# ACTIVITY
Take the lines from the one containing "来到另一边的酒柜,将酒瓶摆放" through the final line below and restate them exactly. Omit the pictures.

◆ ◆ ◆ ◆

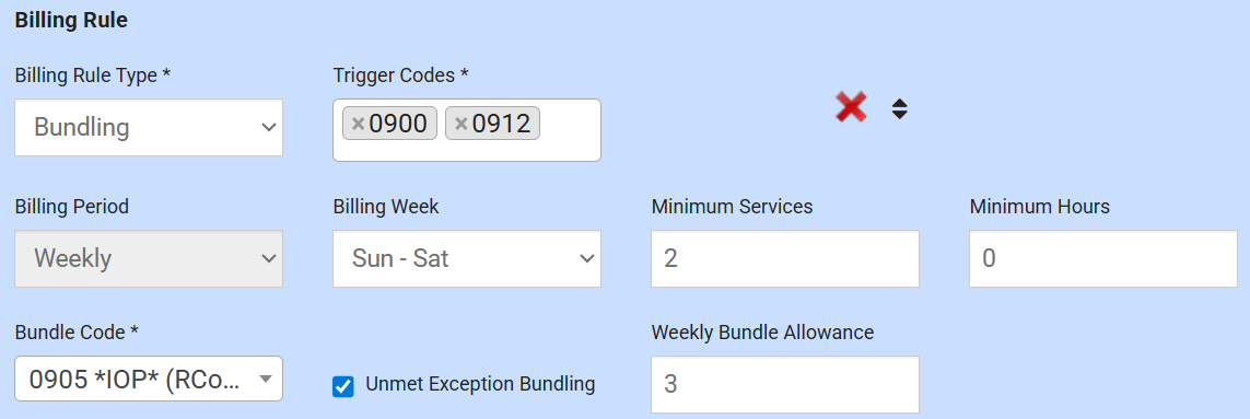 Billing: Added a new payer rule that allows billers to configure specific payers to bundle services weekly. For these payers, we also added the option to define a minimum required hours and a minimum count of services for the week that must be met before the bundle code applies. Lastly, we added an exception bundling option, which allows items to remain bundled as an exception even if the requirements were not met. Check out this article for more information.
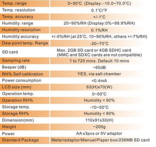 Desktop Dew Point Monitor Humidity Temperature Meter WBGT Tester SD Card Datalogger; Simultaneously displays temperature and humidity; Advanced SD card logging design for continuous recording; Easy-to-read super big LCD display; Check humidity condense conditions through dew point; Programmable danger zone for warning purpose; Designed with capacitance type humidity sensor to get accurate and quick reading
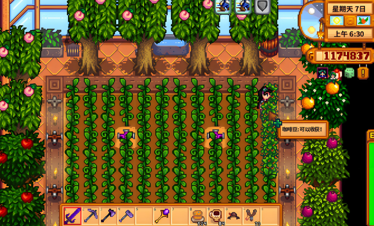 对于追求多样化的玩家,咖啡豆是值得考虑的选择。虽然单次收益较低,但每两天收获一次的频率可提供稳定原料供应,加工后制成咖啡或浓缩咖啡既能自用也能高价出售。咖啡豆适合与其他高价值作物间作,尤其在拥有自动化采集设备的农场中效率更高。甘蓝菜因其快速生长和中等售价,适合作为临时补种作物,应对意外天气或资源短缺。
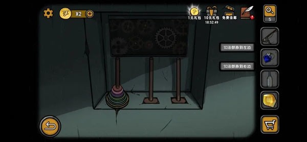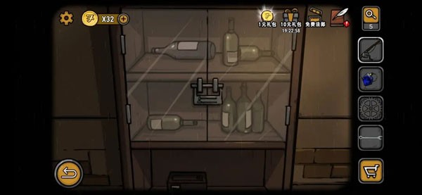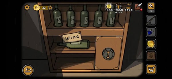 来到另一边的酒柜,将酒瓶摆放成angel天使的字样,在放入半个圣杯。又在边上的天使雕像托盘处,将宝石按童谣的顺序摆入(红黄绿蓝),一间密室便打了开来,目标的白兰地即刻入手
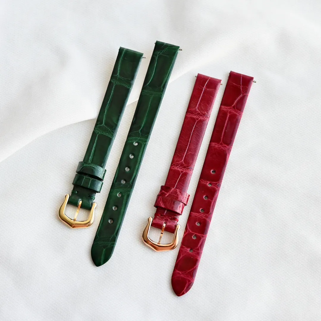 약 0.5캐럿 스테인리스 스틸+ 18k 도금 초록/빨강 악어가죽 스트랩
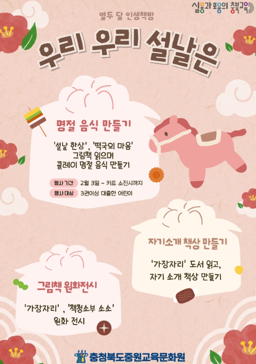 2월에는 ‘명절’을 주제로 '우리 우리 설날' 프로그램을 운영해 ▲설날 한상 ▲떡국의 마음 등 도서를 읽고 명절 음식을 클레이로 만들어보는 체험형 교육을 진행한다.
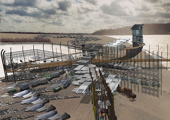 For instance, there’s a project by Mark Mueckenheim called “London Urban Farming.” Mueckhenheim points out that the decline of farmland throughout the EU will necessitate “bring[ing] farming into the urban fabric.” He thus proposes a food processing plant “with a fish hatchery attached to its façade.”

◆ ◆ ◆ ◆

# RESPONSE FOR THIS EXERCISE
 来到另一边的酒柜,将酒瓶摆放成angel天使的字样,在放入半个圣杯。又在边上的天使雕像托盘处,将宝石按童谣的顺序摆入(红黄绿蓝),一间密室便打了开来,目标的白兰地即刻入手
 약 0.5캐럿 스테인리스 스틸+ 18k 도금 초록/빨강 악어가죽 스트랩
 2월에는 ‘명절’을 주제로 '우리 우리 설날' 프로그램을 운영해 ▲설날 한상 ▲떡국의 마음 등 도서를 읽고 명절 음식을 클레이로 만들어보는 체험형 교육을 진행한다.
 For instance, there’s a project by Mark Mueckenheim called “London Urban Farming.” Mueckhenheim points out that the decline of farmland throughout the EU will necessitate “bring[ing] farming into the urban fabric.” He thus proposes a food processing plant “with a fish hatchery attached to its façade.”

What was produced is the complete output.